那點子煩躁一下沖到了頂點,爭執的話脫口而出:“你是不是覺得我見不到?慕雪盈,你少瞧不起人!”
慕雪盈怔了下,抬眼,他抿著唇繃著臉,神色里有煩躁,有憤怒,還有一點委屈,這樣子,跟八年前幾乎一模一樣。那時候他剛到丹城,許多人事都跟京城不一樣,韓永昌又是遭了貶謫去的,他從眾星捧月的天之驕子跌落到凡間,一旦碰到什么不如意的事,就總是這幅憤怒又委屈的模樣。
一晃八年了,人事全非,她早已不是當年的小姑娘,韓愿卻好像還停在原地,還是那個有一丁點不順心就掛在臉上的小孩子。
眼下事情多如亂麻,她實在沒有耐心再去開解他。
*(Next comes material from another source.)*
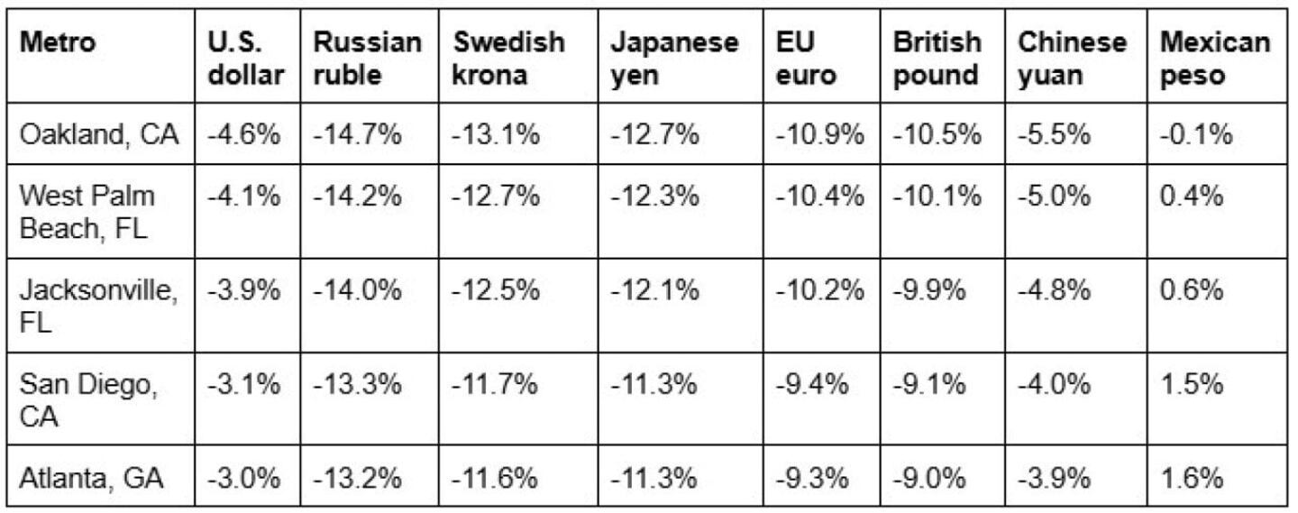 The foreign currency advantage is even stronger in markets where home prices are falling. Among the 100 largest metros, these five saw the biggest year-over-year price drops in June, which correlate to the most savings.

慕雪盈沒說話,快步離去。
“慕雪盈,我話還沒說完,誰許你走?放鶴先生有消息了嗎?”韓愿追在后面,明明生著氣,話到嘴邊,鬼使神差卻又變了,“這都什么天氣了,你怎么還穿著繡鞋,是沒帶冬裝嗎?為什么不去買?”
她沒有回應,韓愿望著她的背影,頭一次對韓湛生出了不滿。大哥明察秋毫,難道沒看見她穿的鞋不對嗎?為什么到現在,還不給她買。
慕雪盈來到正房,整整頭發,邁步走上臺階。
韓愿到現在還像從前那樣與她來往,太危險了,原本就有婚約,若再糾纏,太容易被用心人利用,構陷,今后得避開他,再不要單獨見面才行。
“嫂子來了,”吳鸞打起簾子迎進來,紅著眼圈,“姨媽吐了,難受得很,嫂子早飯都做的什么?”
慕雪盈看她一眼,吳鸞見她神色冷淡,忙道:“嫂子別多心,并不是責怪嫂子的意思,只是需要問清楚,才好對癥下藥。”
“早飯大爺也吃了,有沒有問題打發人問問大爺就好。”慕雪盈不等她說話,立刻叫過管事媳婦,“讓豐年去衙門找大爺,問問他難不難受,有沒有吐?”
管事媳婦連忙去了,搖搖頭:“表哥身強體壯,姨媽上了年紀身子弱,不一樣的。”
“那就不是飯菜的問題。”慕雪盈抬眉,“還是請大夫早些開藥,讓太太早點吃藥調養,鸞妹妹覺得呢?”
吳鸞看著她,她神色從容,絲毫不見畏懼,等黎氏再病上幾天水米不進,她還敢這么托大嗎?嘆了口氣:“嫂子堅持說飯菜沒問題,我也沒話說,不過這件事還是得姨媽做主才行。”
“查,所有經手的人全都得查!”黎氏立刻接口說道,“在自家屋里吃飯都能把我吃成這樣,說不定哪天就敢把我毒死了,一定要查!”
慕雪盈明白,她們是鐵了心要追究她的責任,她倒沒什么,無論什么結果她都能承擔,但若是讓廚房那些人也受牽連,今后她就再不可能在仆從中立威。雙膝跪倒:“飯是我做的,要做什么也是我定的,這件事與其他人無關,一切后果由我承擔。”
“你擔得起嗎?”黎氏冷笑著,心里得意到了極點。之前屢戰屢敗,這下可算打到了她的七寸,還是吳鸞聰明。
慕雪盈抬頭:“若是我的錯,但憑母親責罰。”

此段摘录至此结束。